Colon Cancer Treatments Chemotherapy

Chemotherapy is the systematic use of anticancer drugs in the blood stream to destroy cancerous cells. These powerful drugs may also affect the normal healthy cells of the body.

Most colon cancer chemotherapy drugs are administered by injection directly into a vein or via a catheter for slower release of the drugs into the bloodstream. Some are given in pill form.

A combination of colon cancer chemotherapy drugs may be used to:

  • reduce the size of a malignant tumor before surgery
  • kill any cancerous cells that may remain in the body after surgery
  • control tumor growth
  • relieve symptoms of the disease
  • reduce likelihood of recurrence.

Which Patients Are Given Chemotherapy?

Current opinion differs among cancer specialists as to whether patients with Stage II colon cancer benefit from chemotherapy after surgery or not. Generally, it is only considered advisable for certain high-risk patients.
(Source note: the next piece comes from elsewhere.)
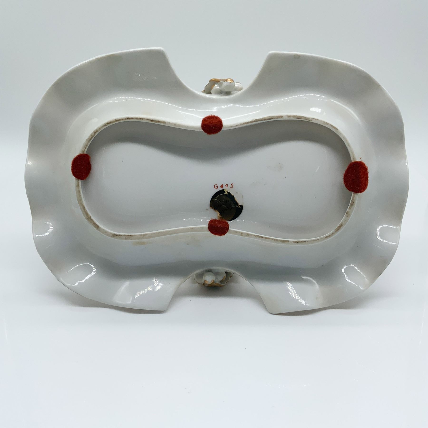 This elegant porcelain handled dish features a hand-painted floral motif complemented by intricate gold gilt accents. The scalloped edges and ornate handle, adorned with a leaf design, add a touch of sophistication to the piece. Measuring 3.5 inches in height, this dish is both functional and decorative, perfect for serving or as a statement piece in a collection. The underside is marked "G495," indicating its unique designation. A beautiful example of fine porcelain craftsmanship with classic decorative appeal.

Adjuvant chemotherapy after surgery is routine for the majority of patients with Stage III colorectal cancers. It is also appropriate for patients with Stage IV malignancies as it can help to shrink the cancerous tumor, increase life expectancy, and improve the patient’s quality of life.

Colon Cancer Chemotherapy Drugs

Adjuvant chemotherapy usually involves the monthly administration, for a period of six to eight months, of one or a combination of colon cancer chemotherapy drugs.

Typically, standard adjuvant chemotherapy consists of a combination of the drugs 5- fluorouracil (5-FU) and leucovorin.


Statistics indicate that the use of 5-FU, the chemotherapeutic agent of choice following surgery for Stage III disease, increases the likelihood of being cured. It is also used as palliative treatment in Stage IV cancer.


Leucovorin is not a chemotherapeutic drug in its own right, but is often used for five consecutive days a month, in combination with other drugs to reduce the chemotherapeutic side-effects of the other drug(s).


Recent clinical trials have shown that the chemotherapeutic drug irinotecan, in combination with standard 5-fluorouracil and leucovorin, increases survival rates in patients with colorectal cancer who have not responded to previous adjuvant treatment with 5-FU and leucovorin alone.

Oxaliplatin (Eloxatin®)

Eloxatinis another new drug, recently given “fast-track” approval by the Food and Drug Administration (FDA) for the treatment of advanced colorectal cancer. Clinical trials of Eloxatin have produced encouraging results with patients who fail to respond to the standard 5-fluorouracil and leucovorin chemotherapy combination.

Researchers have also found Eloxatin to be particularly effective for treating colorectal cancer patients where the disease has recurred or where initial treatment with a combination of irinotecan, 5-FU and leucovorin has failed to reduce the size of the tumor. The combination including Eloxatin has been shown to shrink tumors in some of those patients and to retard tumor re-growth in others. More research, however, is required into the long-term benefits of Eloxatin.

Side Effects

Reactions to chemotherapy may vary considerably from one individual to the next. Certain other medications can also have an impact on the severity of a patient’s reaction. It is important, therefore that the physician be made aware of any unrelated medications that the patient may be taking.

In general, however, much depends on the specific medication and the level and frequency of the dose given. Common side effects may include:

  • nausea
  • vomiting
  • temporary hair loss or thinning hair
  • anemia
  • mouth sores and ulcers
  • brittle nails
  • fatigue
  • diarrhea
  • temporary changes in skin pigmentation
  • temporary bruising
  • rash or itchy skin.

Less common side effects are infection, bleeding, sore eyes and/or blurred vision and skin sensitivity to sunlight. In addition, soreness of the palms of the hands and the soles of the feet (palmar plantar syndrome) may occur as a result of long-term use of 5- Fluorouracil.

Routine Monitoring and Support

All patients who receive chemotherapy are monitored carefully for adverse reactions to the drugs. Remedies are readily available to cope with most of the unpleasant side effects. For example, nausea and vomiting can be controlled effectively using prescription anti-nausea drugs.

In addition, the patient’s blood count is checked regularly to monitor how bone marrow function is affected, and to ensure that patients do not become anemic.

For Patients of Childbearing Age

An individual’s fertility may be adversely affected by chemotherapy. All issues relating to fertility, pregnancy and contraception should be addressed before treatment is started.